The decree granted a divorce to the plaintiff and awarded her the equity in the. Sunset hotel, subject to a balance remaining due on the purchase price in the amount of ten thousand six hundred dollars; and subject to a lien in favor of the defendant in the sum of ten thousand dollars, to be paid at the rate of two hundred dollars per month, with interest on deferred payments at four per cent per annum. The decree further provided that the plaintiff should lease the ground floor of the Sunset hotel to the defendant for a term of ten years at a monthly rental of two hundred seventy dollars. All of the remainder of the property was awarded to the defendant, he to pay the obligations listed above. No attorneys' fees were allowed, the decree providing that each party should pay his own costs.
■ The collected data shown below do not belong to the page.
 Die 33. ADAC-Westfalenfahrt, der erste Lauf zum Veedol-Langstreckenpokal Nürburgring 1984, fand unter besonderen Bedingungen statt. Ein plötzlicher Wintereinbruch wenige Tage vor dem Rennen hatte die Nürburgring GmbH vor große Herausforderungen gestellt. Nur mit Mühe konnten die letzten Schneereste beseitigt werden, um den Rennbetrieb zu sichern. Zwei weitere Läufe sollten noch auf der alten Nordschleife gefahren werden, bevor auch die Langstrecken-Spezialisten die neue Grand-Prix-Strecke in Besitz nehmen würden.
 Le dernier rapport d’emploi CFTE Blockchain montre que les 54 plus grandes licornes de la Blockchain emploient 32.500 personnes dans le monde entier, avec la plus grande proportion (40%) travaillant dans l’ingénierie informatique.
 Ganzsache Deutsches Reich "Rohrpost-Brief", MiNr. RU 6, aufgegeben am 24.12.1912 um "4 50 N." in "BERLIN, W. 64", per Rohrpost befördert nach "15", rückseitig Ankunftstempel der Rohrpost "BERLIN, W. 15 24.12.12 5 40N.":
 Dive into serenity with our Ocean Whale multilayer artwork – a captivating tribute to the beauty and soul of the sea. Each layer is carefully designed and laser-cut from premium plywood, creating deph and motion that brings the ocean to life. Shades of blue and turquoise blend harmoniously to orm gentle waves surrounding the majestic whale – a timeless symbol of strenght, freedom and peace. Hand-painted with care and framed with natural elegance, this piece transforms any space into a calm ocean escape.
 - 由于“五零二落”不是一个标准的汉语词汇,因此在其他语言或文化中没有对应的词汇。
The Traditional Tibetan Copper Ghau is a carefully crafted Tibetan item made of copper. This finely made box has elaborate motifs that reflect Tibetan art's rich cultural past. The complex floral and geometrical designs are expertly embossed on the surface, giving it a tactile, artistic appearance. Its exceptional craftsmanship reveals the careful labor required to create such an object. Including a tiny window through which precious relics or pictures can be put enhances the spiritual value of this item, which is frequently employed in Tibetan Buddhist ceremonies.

[1] Appellant points out claimed errors in the valuations of almost all items as found by the trial court. We have diligently gone over the entire record, including the exhibits admitted in the case, and would not attempt, because of the unsatisfactory condition of the record, to undertake a valuation of the properties. The record was made by the parties themselves, and they are bound by it. We feel that the trial judge should be commended for his fairness, patience, and perseverance in endeavoring to ascertain the true facts. He even made a personal inspection of the Sunset property prior to the final hearing. His valuations are as fair as it was humanly possible to determine.

[2] However, we do feel that the decree should be modified. It is clear that the trial court attempted to make an even division of the property. Their holdings were all obtained through the joint efforts of the parties. One contributed as much to their acquisition as the other. But, at this time, the parties are not on the same plane. The testimony shows that the wife is old and sick. She is afflicted with diabetes. It is necessary for her to continually diet and take insulin. Her future earning capacity is greatly impaired. On the other hand, the husband is young, strong, virile. He will have no difficulty earning a good income for a number of years. We feel that the decree should be modified to reduce the lien in favor of respondent on the

 Apr. 1947]               MUNROE v. MUNROE.           561

Sunset hotel, from ten thousand dollars to seven thousand five hundred dollars; that the appellant should be awarded the equipment located in the Superior Market; that appellant should not be required to lease the ground floor of this property to the respondent; and that respondent should be required to pay the costs of the action, including an attorney's fee of seven hundred fifty dollars.

[3, 4] Respondent contends that the stipulation entered into during the trial was binding on the court; that it became an agreement for the final disposition of the property rights between the parties, and that the trial court was bound to carry it into effect unless and until it was made clear to it that the stipulation was improper and unconscionable. Respondent relies upon State ex rel. Gould v. Superior Court, 151 Wash. 413, 276 Pac. 98. It is true that a stipulation entered into between the parties in an ordinary law suit is binding upon the trial court. However, this was a divorce action, and a stipulation entered into between the parties could have no more effect than that of a property settlement, which is never binding upon the court, but which may be either approved, modified, or entirely disregarded.

The interlocutory order will be modified in the respects and manner indicated.

MALLERY, C. J., MILLARD, SIMPSON, and ABEL, JJ., concur.